RT-PCR: For each condition, one 100 mm dish was used for total RNA extraction. Cells were differentiated and stressed before isolating RNA using RNeasy Mini Kit (Qiagen, Cat #74104) with DNase digestion (Qiagen, cat #79254). CDNA synthesis was done using MiniAmp Thermal Cycler (Applied Biosystems). Purified RNA sample concentrations were measured by Nanodrop and 1 µg RNA was incubated with dNTP (New England Biolabs, cat #N0447S), random hexamers (Thermo Scientific, cat #SO142), and nuclease free water (Invitrogen, cat #AM9930), at 65°C for 5 minutes. After the first incubation, 5x First Strand Buffer, DTT (Invitrogen cat #18080093) and RNase inhibitor (Invitrogen, cat #AM2694) were added to the mixture and incubated at 25°C for 2 minutes. After the second incubation, 1 µL Superscript III Reverse Transcriptase (Invitrogen, cat #18080093) was added and the mixture was incubated at 25°C for 10 minutes, 42°C for 50 minutes, and 70°C for 15 minutes. CDNA was stored at -20°C overnight or used immediately at a dilution of 1:20 in nuclease free water for RT-PCR experiments with Luna Universal Master Mix (New England Biolabs, cat #M3003L), nuclease free water, and custom ATP5f1b and CHGb primers (ITD). For positive and negative controls, 18S ribosomal subunit and tau primers were used (see Supplemental).

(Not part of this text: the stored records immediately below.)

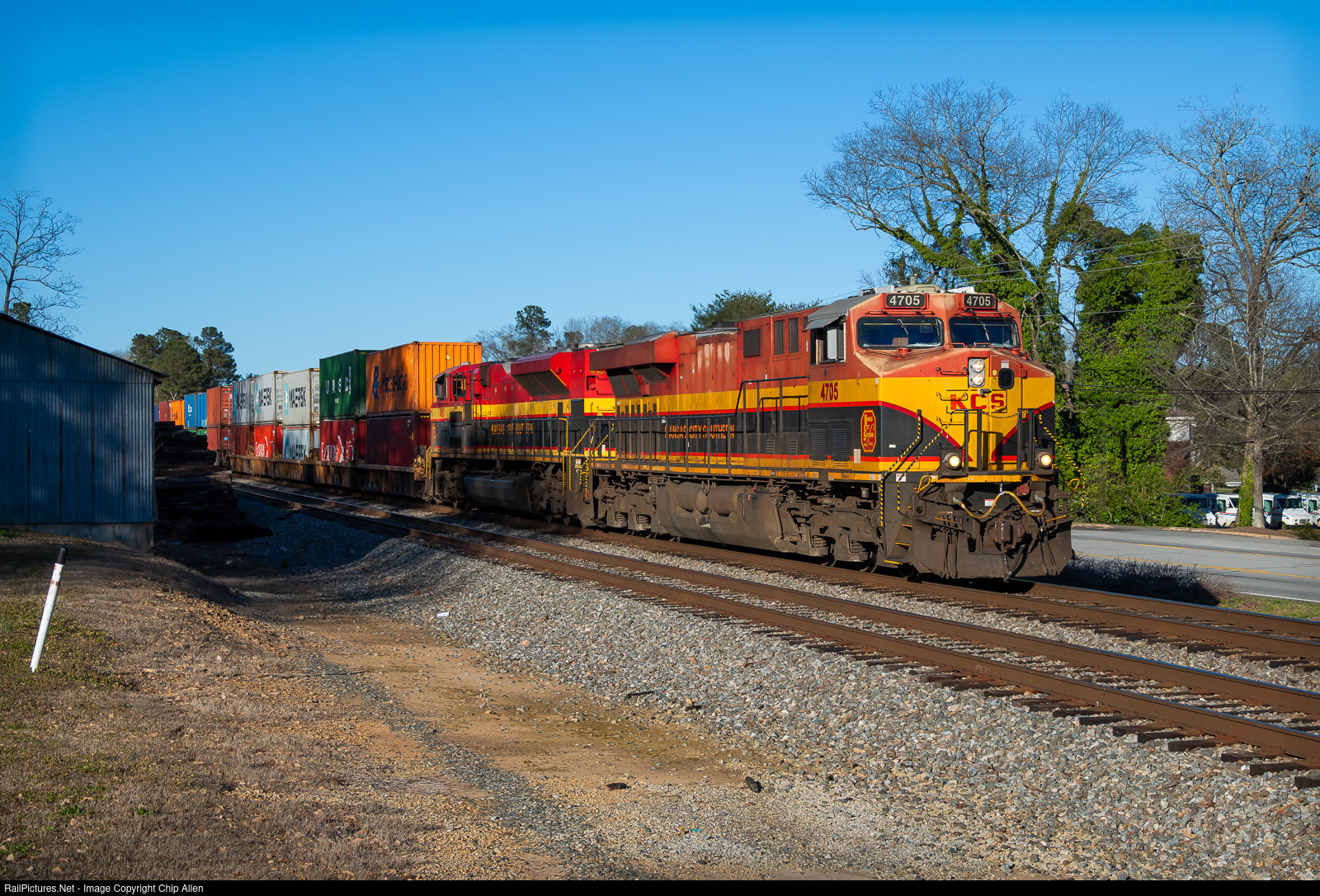 | On the final day of Kansas City Southern's independence from Canadian Pacific, a pair of belle-painted KCS motors lead NS train 243 from Charleston through Flowery Branch, GA on a beautiful early spring evening. |
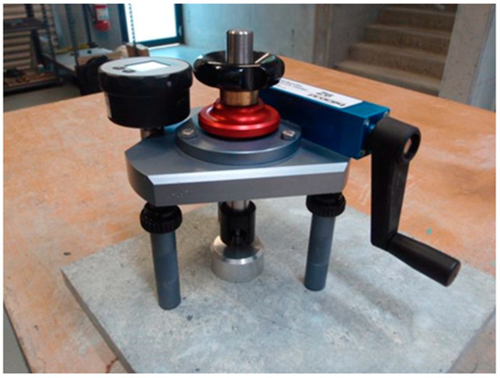 Hardened-tile-glue tensile-adhesive strength was determined according to LST EN 12004-2:2017. Sample machine was adjusted to tensile strength force experiment (Figure 5). The machine pulled a pulling tile with a 250 ± 50 N/s load using adapted and bending strength and not creating part.
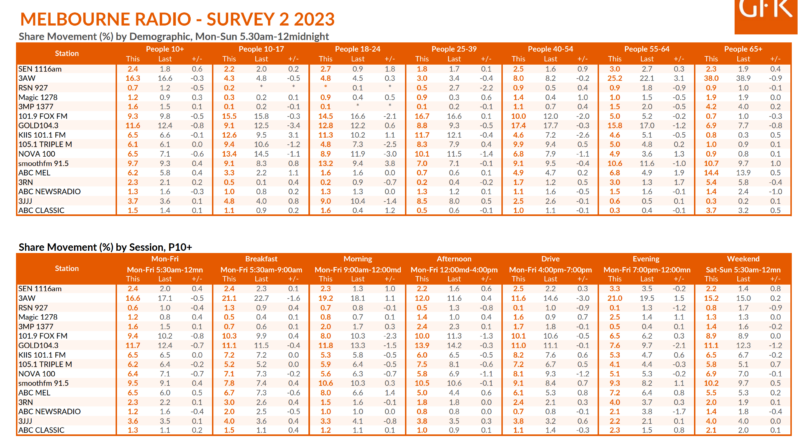 GfK电台收视率调查的第二年在墨尔本认为一切照旧九广播3 aw继续领导包,然而,FoxFM早餐三人继续充电。
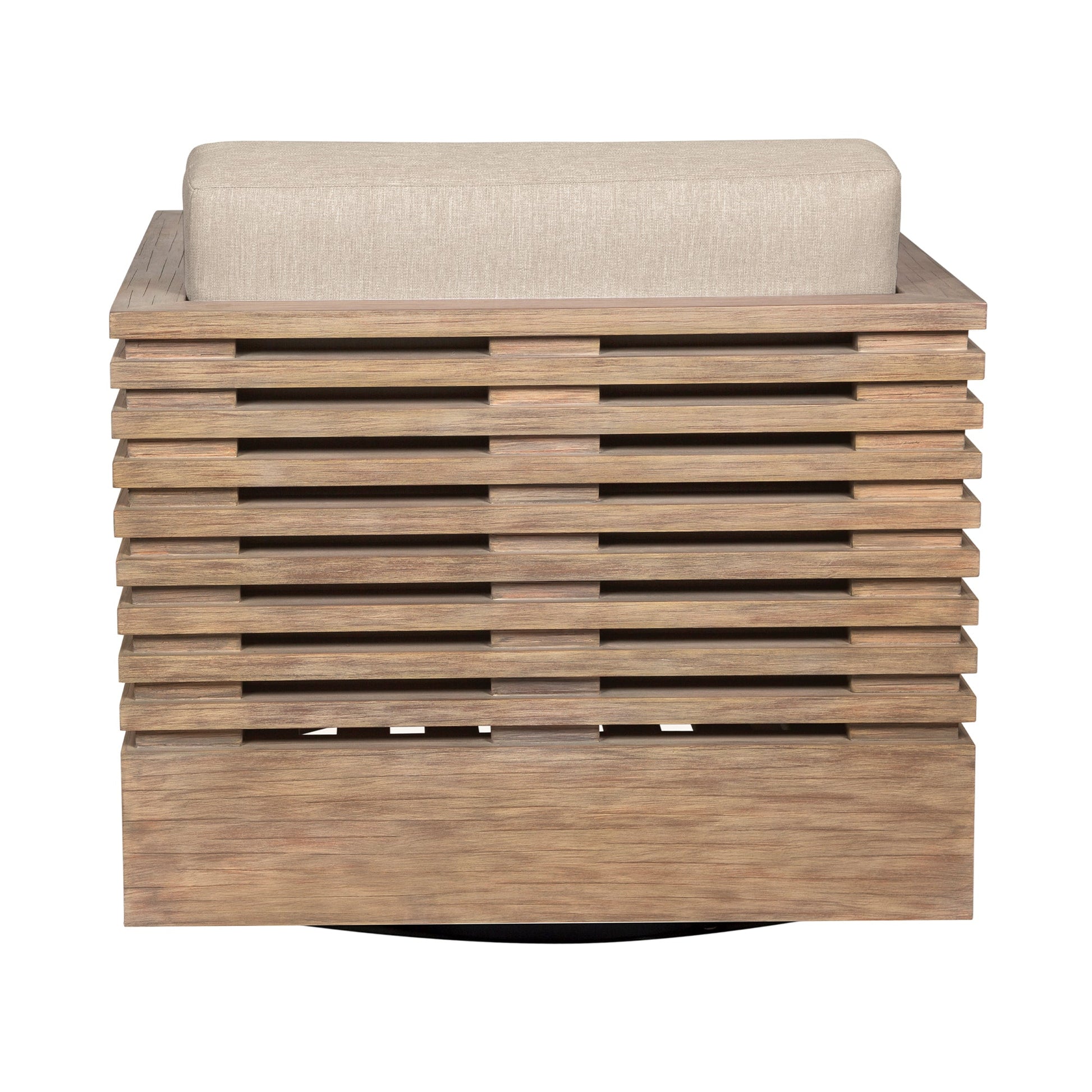 Vivid Swivel Outdoor Patio Chair in Light Eucalyptus Wood with Taupe Olefin Cushions
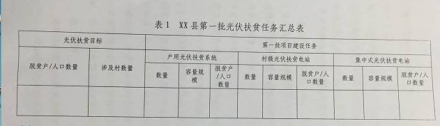 由县光伏扶贫临到小组组织各部门和单位明确第一批光伏扶贫项目及实施方式:本批通过光伏扶贫实现脱贫人口XX人、XX户,其中,共涉及XX个国家级贫困县、XX个建档立卡贫困村、建档立卡贫困户XX户、XX人;涉及非国家级贫困县XX个、非建档立卡贫困村XX个、贫困户XX户、XX人。共拟建设户用系统XX个、容量XXMWp,村级电站XX个、总容量XXMWp,大型地面电站XX个、总容量XXMWp。有关汇总信息填写表1.
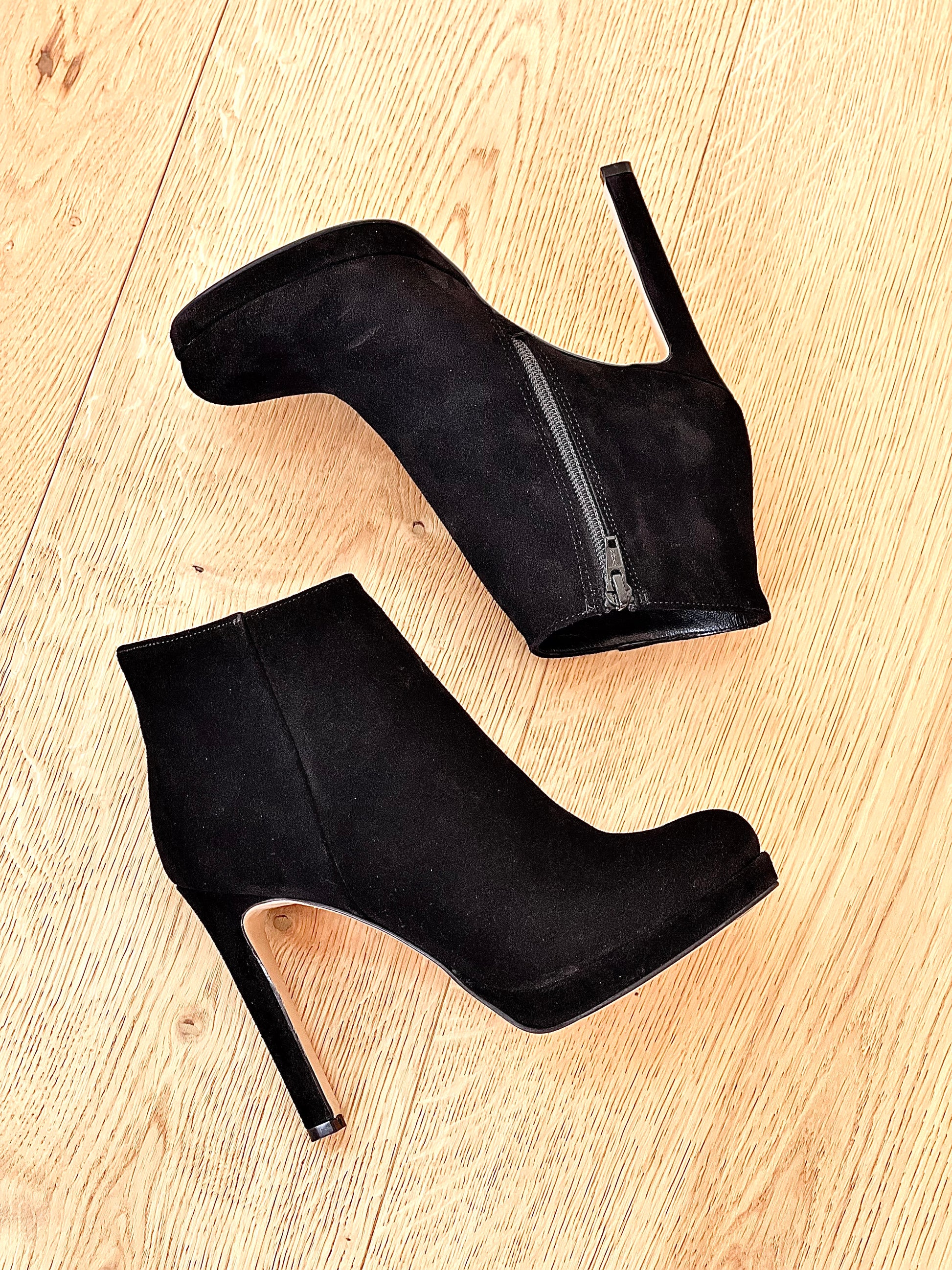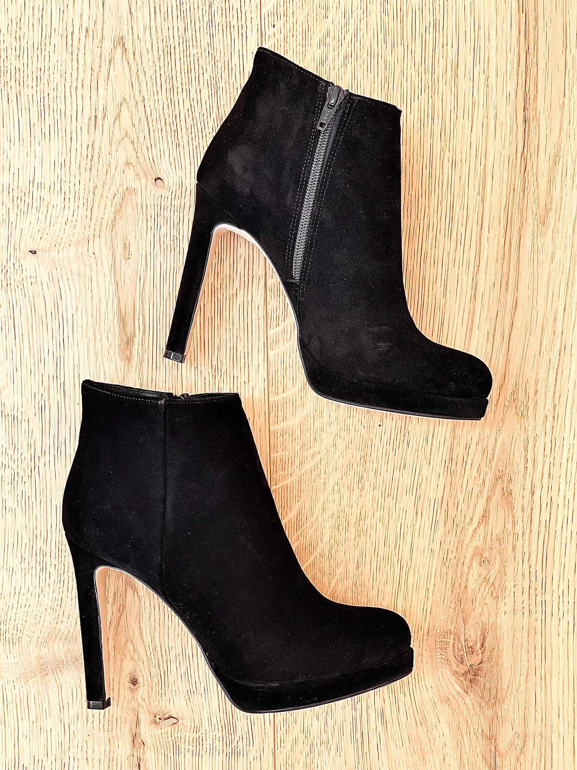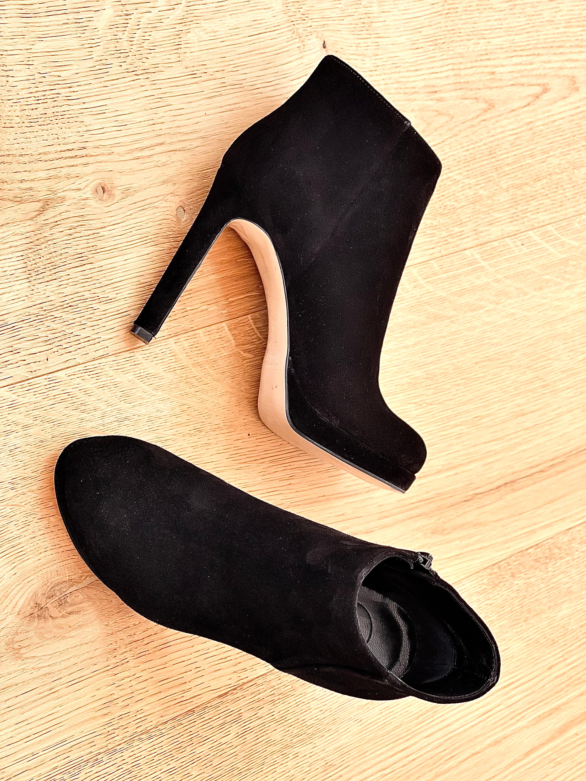 Suède enkellaarsjes met ronde neus, plateau en hoge hak.

Western blotting: We used an establish procedure [40] with modifications. Samples were grown in 100 mm dishes plates and were treated with MG132 at a final concentration of 250 nM 24 hours before collection. Cells were stressed and then collected in 250 µl of NP-40 lysis buffer [150 mM NaCl, 50 mM Tris (pH=8.0), 1% NP40, protease inhibitor]. The primary antibodies used included: anti-ATP5f1b (Abcam, ab117991), anti-Chgb (Abcam, ab150354), anti-actin (Santa Cruz, sc-47778).
Fluorescence lifetime imaging measurements (FLIM)
Phase modulation FLIM measurements were performed on the dual-channel confocal fast FLIM (Alba version 5, ISS Inc.) using a two-photon titanium-sapphire laser and a Nikon Eclipse Ti-U inverted microscope as described[40]. The lifetime of the laser was calibrated each time before experiments by measuring the lifetime of Atto 425 in water with a lifetime of 3.61 ns at 80, 160, and 240 MHz. The samples were excited at 740 nm for intrinsic measurements, and emission spectra were collected through a 525/50 bandpass filter. For each measurement, the data were acquired until the photon count was >100.
Statistical analysis
Data were analyzed with the Sigma Plot 14 statistical packages, which included the student’s t test and one-way analysis of variance (ANOVA).